Le pratiche sbrigate ogni anno dai patronati sono 11 milioni e 400mila. Un risparmio di 500 milioni di euro per la collettività
Dai sussidi di disoccupazione alle questioni pensionistiche, dai congedi di maternità all’assistenza disabili, dai permessi di soggiorno agli assegni sociali, i patronati sbrigano una serie di servizi che in altri Paesi vengono offerti a pagamento dai privati. Sono presenti su tutto il territorio nazionale con oltre 21mila uffici e quasi 12mila dipendenti (oltre a 15mila collaboratori volontari). Le pratiche sbrigate ogni anno dai patronati sono 11 milioni e 400mila. Per svolgere questi servizi, ricevono un finanziamento pubblico con un fondo specifico accantonato negli istituti di previdenza, composto dallo 0,226% dei contributi previdenziali versati dai lavoratori ogni anno. La quota viene versata su un conto del ministero del Lavoro che provvede con un decreto a ripartire i finanziamenti ai patronati proporzionalmente all’attività svolta, verificata di anno in anno dagli ispettori del lavoro. «Noi non chiediamo nessun pagamento rispetto alle attività che svolgiamo», sottolinea Presciani, «e la nostra attività è continuamente monitorata».
Nel 2013, le persone che hanno versato per i patronati un contributo dalla propria busta paga sono state 21,7 milioni, a fronte di oltre 50 milioni che possono accedere al servizio. Una forma di redistribuzione per assicurare le tutele fondamentali anche a chi non può permettersi un avvocato o un consulente del lavoro. Tanto che anche la Corte Costituzionale nel 2000 ha riconosciuto che «le tutele assicurate in modo universale dai patronati corrispondono a un interesse pubblico direttamente riconducibile all’articolo 3, secondo comma, della Costituzione».
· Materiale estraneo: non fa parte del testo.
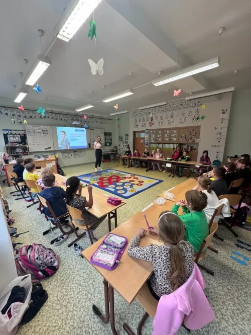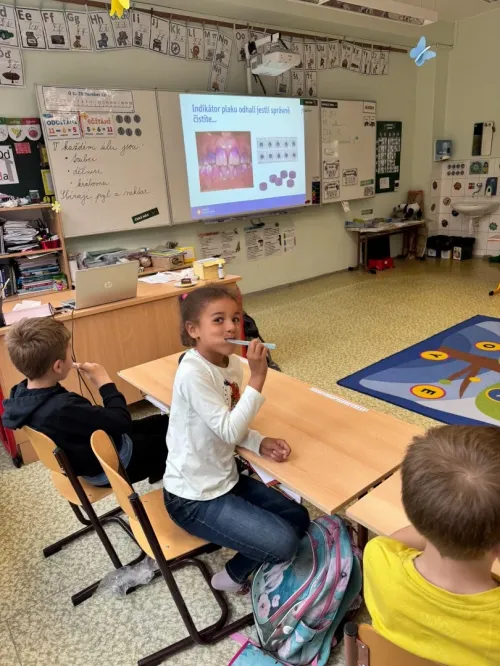 Přednáška o péči o zuby byla interaktivní a zaměřená na praktické dovednosti, jako je správné čištění zubů a pochopení role výživy v prevenci zubního kazu. Děti se dozvěděly, jak často a proč chodit k zubaři a dentální hygienistce.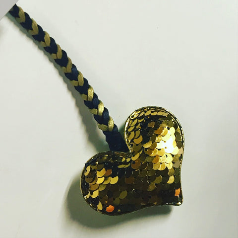 Black and Gold with Gold Flip Sequin Heart Paci Clip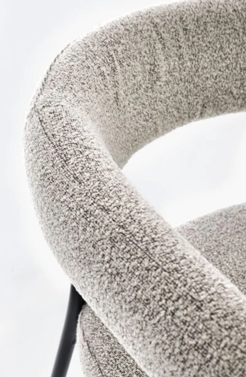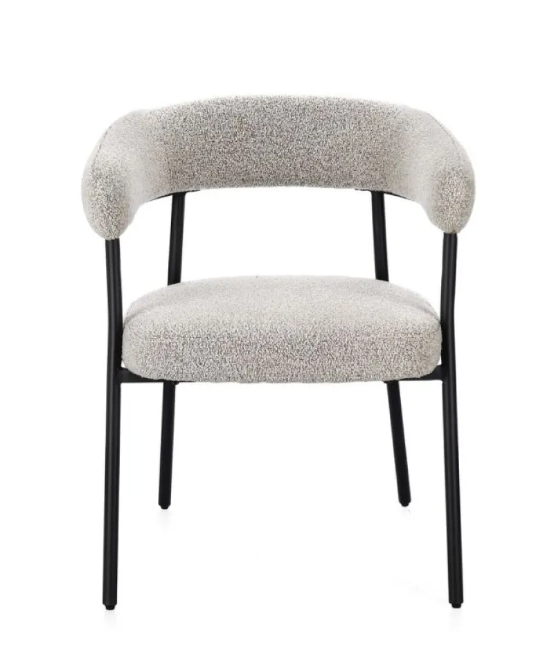 STRUTTURA IN COMPENSATO. GAMBE IN ACCIAIO VERNICIATO A POLVERE. IMBOTTITURA IN SCHIUMA POLIURETANICA DENSITA’ 22 KG/M3. RIVESTIMENTO IN POLIESTERE EFFETTO BOUCLE’ . DA ASSEMBLARE.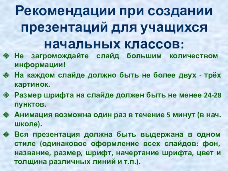 Рекомендации при создании презентаций для учащихся начальных классов:
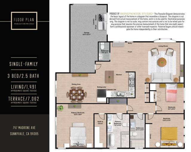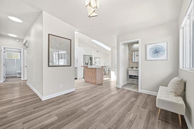 Welcome to this beautiful single-family home featuring 3 beds and 2.5 baths 1491 sqft on a big lot in a convenient Sunnyvale location. Upon entry, a spacious living room with bay windows sits to the left, while a half bath is near the foyer. To the right, the gourmet kitchen offers a central island with bar, stainless steel appliances, sleek cabinetry, skylights, and recessed lighting, flowing into a bright dining area with a large skylight and sliding door to the backyard-ideal for indoor-outdoor living. The hallway includes sun tunnels for natural light. The primary suite features built-in cabinetry, a walk-in closet, and a large bedroom with sliding door access to the private backyard, along with an en-suite bath with double vanity, large mirror, stall shower with skylight, and a tub. Two additional bedrooms provide space for family or guests, plus a hallway bath with a sun tunnel and stall shower. Additional highlights include an attached garage with washer and dryer, and a spacious backyard for outdoor activities. Located near downtown Sunnyvale with restaurants and shops, close to Google, Amazon, and Microsoft, with easy access to Hwy 101, 237, Central Expressway, and Caltrain for a short commute to major tech campuses. Do not miss this great opportunity!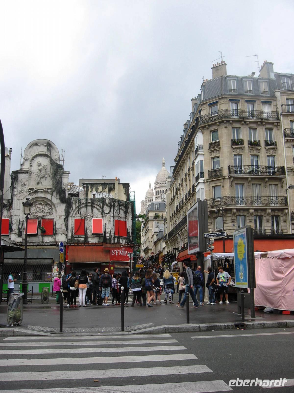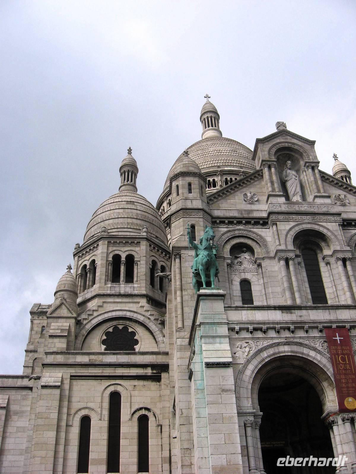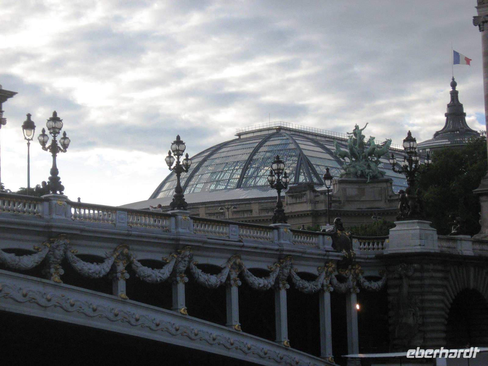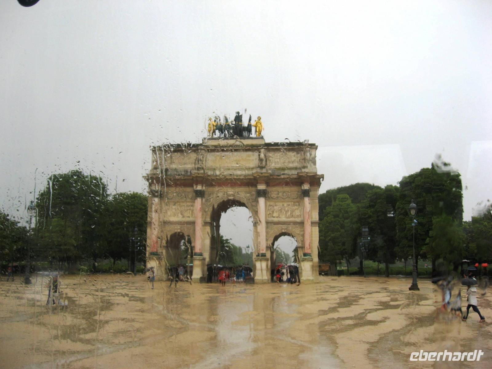 Nach unserem Frühstück treffen wir uns mit Stadtführer Francois im Bus zu unserer ausführlichen Stadtrundfahrt durch Paris. Wir fahren am Trocadéro-Platz vorbei (von hier aus hat man einen schönen Blick auf den Eiffelturm) bis zum 50 m hohen Arc de Triomphe, dann auf die Champs Elysées, die schon für den morgigen Nationalfeiertag geschmückt sind - deshalb fallen Nobeladressen wie das Restaurant Fouquets, das Lido und Louis Vuitton heute weniger auf - über den Concorde-Platz (mit dem Obelisken) in Richtung Grand Palais (heute Ausstellungsort), dann am Elysée-Palast vorbei, um die Madeleine-Kirche herum, später an der Opéra Garnier vorbei zum Vendôme-Platz, Adresse des Ritz-Hotels, in dem u. a. Coco Chanel und Ernest Hemingway zeitweise gewohnt haben. Weiter geht es in Richtung Montmartre-Viertel, wir fahren vorbei an der legendären Mühle Moulin Rouge und am Pigalle, dann zurück in Richtung Seine vorbei an der Comédie Francaise, dem Theaterhaus, das für Molière gebaut worden ist, in den Hof des Louvre hinein - hier: neben den Gebäuden des Louvre selbst die moderne Glas-Pyramide, der Arc du Carrousel, der Tuileriengarten -, dann weiter über die Ile de la Cité (mit Notre-Dame) hinüber ins Quartier Latin, am Panthéon vorbei, ins Montparnasse-Viertel und zurück auf die rechte Seine-Seite zur Place de la Bastille, wo vor nahezu 225 Jahren die Französische Revolution mit dem Sturm auf das Bastille-Gefängnis begann. Später zurück zum Schiff, wo wir das feine Mittagessen genießen, bevor Michael nachmittags noch einmal unseren Bus in Richtung Montmartre-Viertel lenkt. Wir spazieren und fahren (mit der funiculaire) hoch zur Sacré-Coeur-Basilika. Auf dem Vorplatz, in der Basilika und überhaupt im ganzen Viertel ist sehr viel Betrieb. Das große Herz-Jesu-Mosaik und die Stimmung nehmen gefangen. Dann spazieren wir weiter bis zum Tertre-Platz: viele Cafés, noch mehr Künstler und ihre Werke, ein reges Treiben; leider fängt es an zu regnen und hört eigentlich erst wieder auf, nachdem wir im Bus auf dem Weg zurück zum Schiff sind.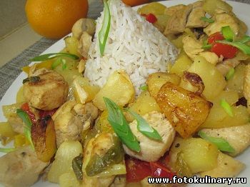 Как гарнир идеально - рис... а куда без него... Азия есть Азия... Типа, как у нас без воды... " и не туды, и не сюды..." Даже не сомневайтесь надо это Вам или нет! Это действительно очень вкусно и необычно. Жареная курица с ананасам вполне может стать Вашим фирменным блюдом. Приятного Вам аппетита!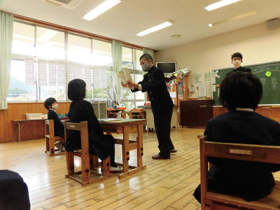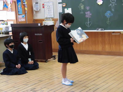 先生が、授業のはじめに課題を示したとき、「え?」「何だろう。」とがやがやが起こりました。おじいさんの存在について、みんなで考えて、深い読みをしていました。今日は楽しかったそうです。さすが4年生!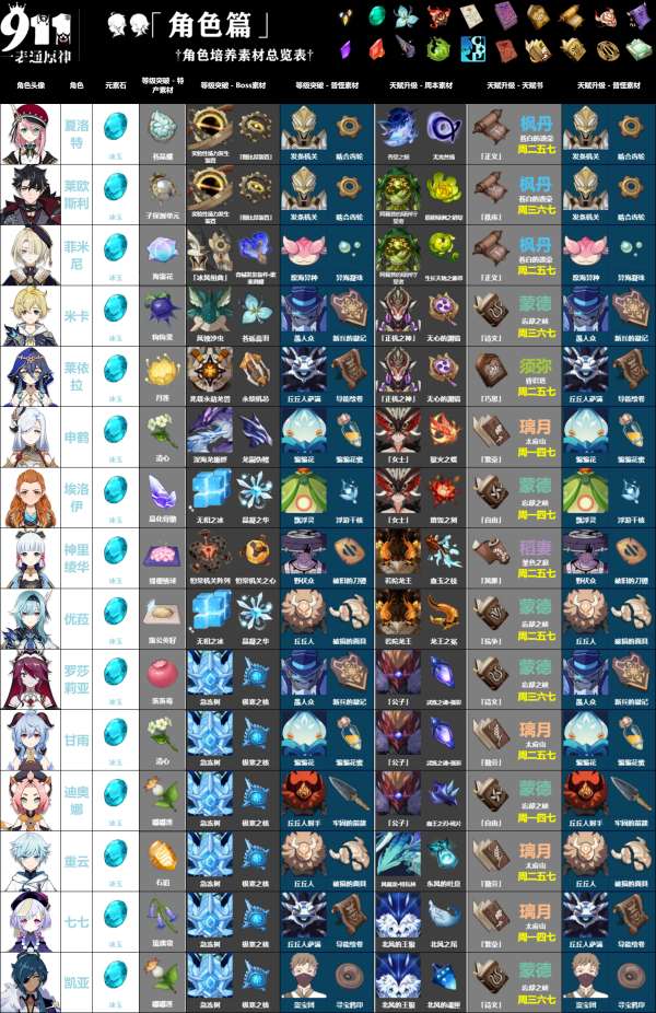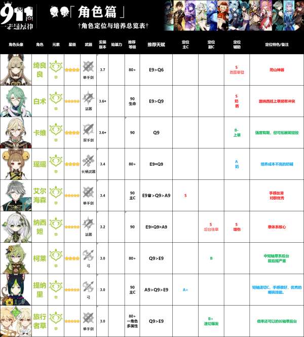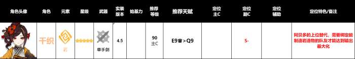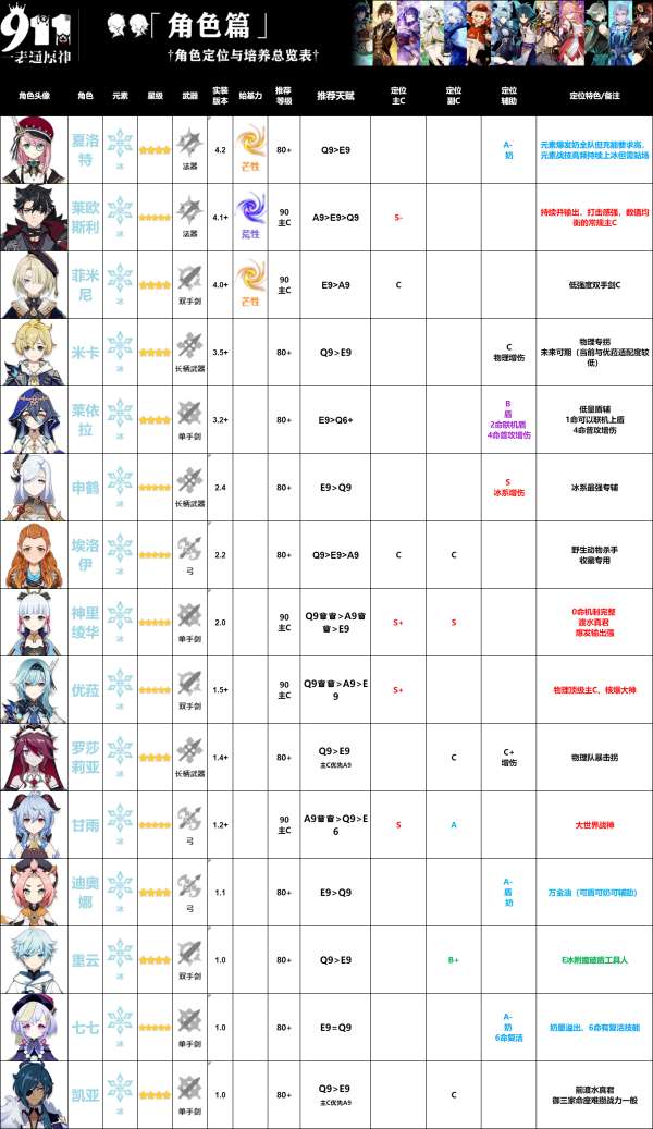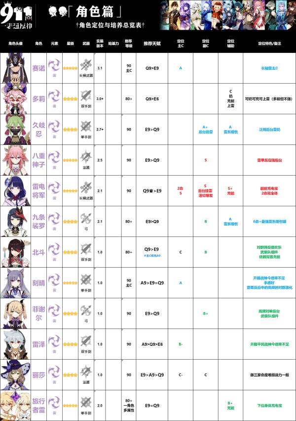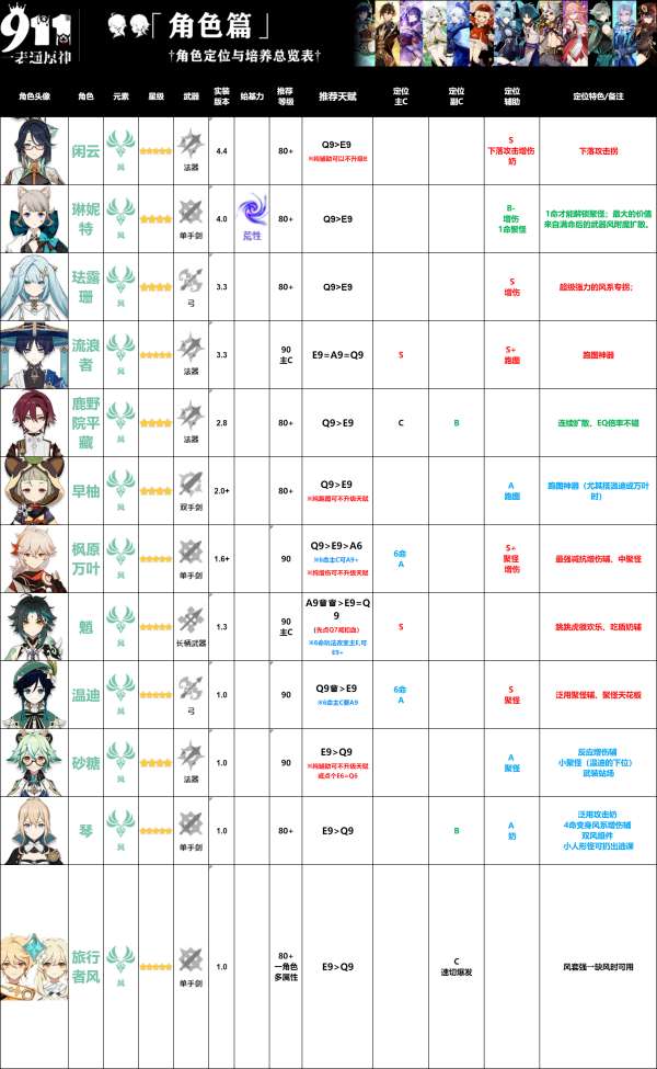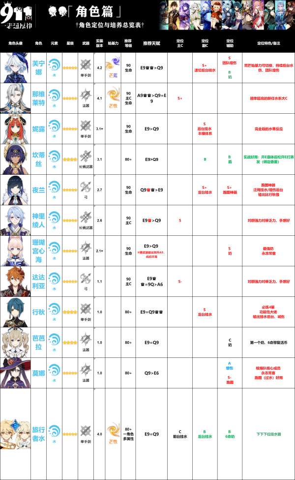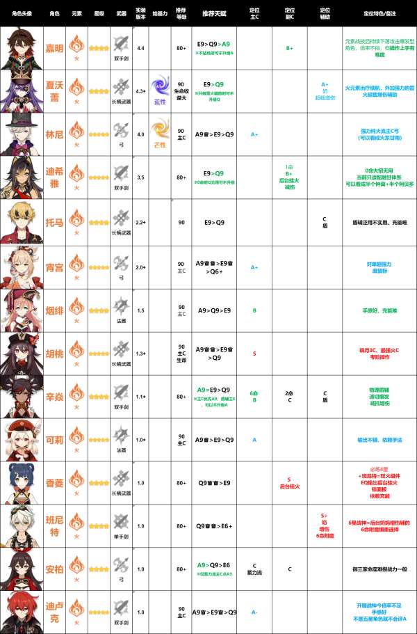 ※说明:评价基础环境为0命;评级上方的命座是实现该定位要求的必要命座;评级不仅看强度、还看实用性、易用性、性价比等;在相同定位的角色间进行等级比较才有意义!角色定位评级具有很大的主观性,仅供参考!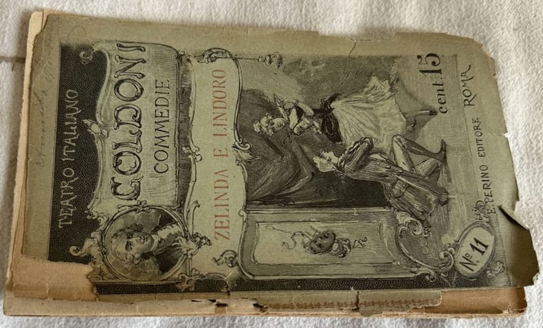 Edizione Perino del 1890 della commedia "Gli amori di Zelinda e Lindoro" di Carlo Goldoni della collana "Teatro italiano".<BR><BR>Sono presenti due incisioni a piena pagina, una delle quali in antiporta.<BR><BR>In buone condizioni.<BR><BR>Copertina editoriale in discrete condizioni con lievi usure marginali. Piatto posteriore assente. Legatura in buone condizioni. Pagine in buone condizioni generali con fioriture. In 16. Dim. 17,5x11 cm. Pp. 64.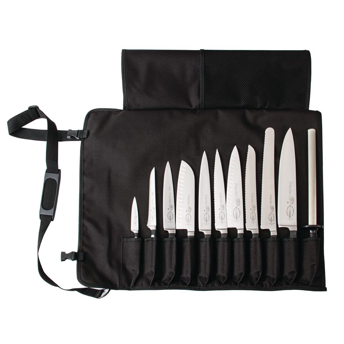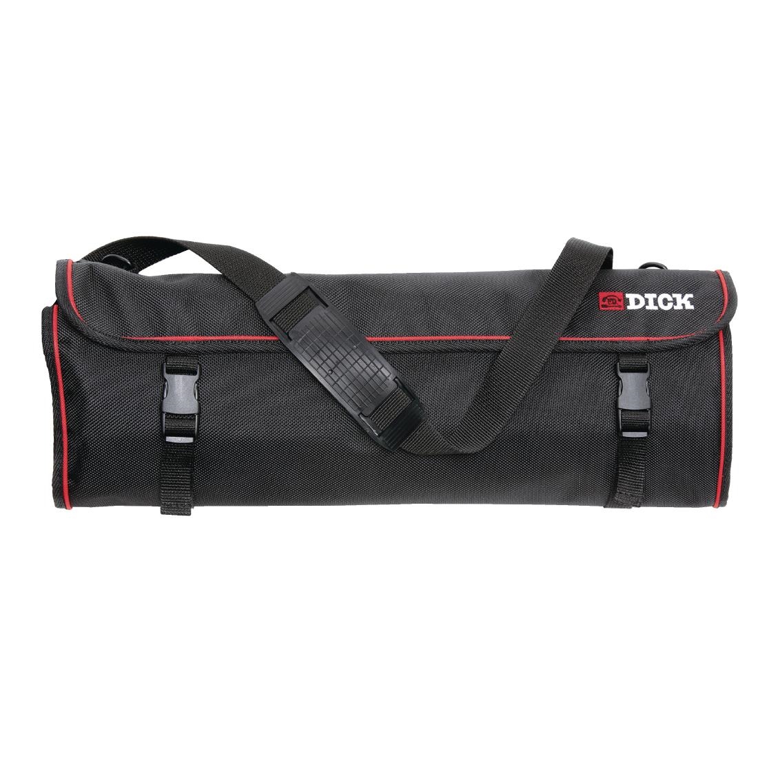 Don’t waste any more time searching for a missing chef’s knife again – keep your most-used blades stored safely in this roll bag from Dick instead, so you’ll always know where they are. With secure slots to hold up to 11 knives, you can carry them with you wherever you go.Perfect for any busy chef who’s always on the move, the heavy-duty textile bag comes with a shoulder strap to ensure you’ll carry your equipment in complete comfort. Two clips can be quickly fastened to keep your knives safe while being carried – even greater peace of mind that your blades are well protected and kept in top condition, ready for use whenever and wherever you need them.

I finanziamenti ai patronati vengono sezionati tra un acconto pari all’80% di solito erogato a gennaio da parte del ministero del Lavoro, più un saldo erogato a giugno dopo che lo stesso ministero ha verificato che l’attività dichiarata da ciascun ufficio sia stata effettivamente svolta. Il resto arriva direttamente dalle risorse di sindacati e organi di categoria. Puntualmente, acconti e saldi arrivano quasi sempre in ritardo. L’acconto del 2011, ad esempio, «va ancora saldato», sottolinea Presciani.
Ora l’ammontare dell’acconto di gennaio potrebbe scendere dall’80 al 45 per cento, e l’aliquota versata al fondo si ridurrebbe dallo 0,226% allo 0,148% dei contributi dei lavoratori. Cosa che «fa venir meno la liquidità a disposizione dei patronati, e che significa esporci molto di più con le banche per riuscire a pagare gli stipendi dei dipendenti». Con conseguenze anche sulla tenuta dei posti di lavoro. «La riduzione del personale sarà drastica», continua Presciani, «migliaia di persone verranno lasciate a casa».
I patronati di tutte le sigle, dai commercianti agli artigiani (29 quelli riconosciuti dall’Inps), hanno l’obbligo di assistere gratuitamente chi si rivolge a loro. Agli uffici di Acli, Enac (Cgil), Inas ( Cisl), Ital (Uil), Epaca (agricoltori) o Inapa (artigiani) si possono rivolgere tutti i cittadini, indipendentemente dalla iscrizione a una sigla sindacale o a un organo di rappresentanza di una categoria. Certo, «quando qualcuno si rivolge a noi per fare una pratica per la pensione, chiediamo se vuole iscriversi al sindacato», dice Presciani. «Ma sia che dica sì sia che dica no, il nostro compito deve essere assolto. Né gli iscritti hanno corsie preferenziali rispetto a tutti gli altri». I nuovi iscritti, sul totale delle pratiche svolte nei patronati, sono circa il 20 per cento. «Quello che noi possiamo dire è che se la persona ha gradito particolarmente il servizio, può fare l’iscrizione, ma nessuno è obbligato a farlo».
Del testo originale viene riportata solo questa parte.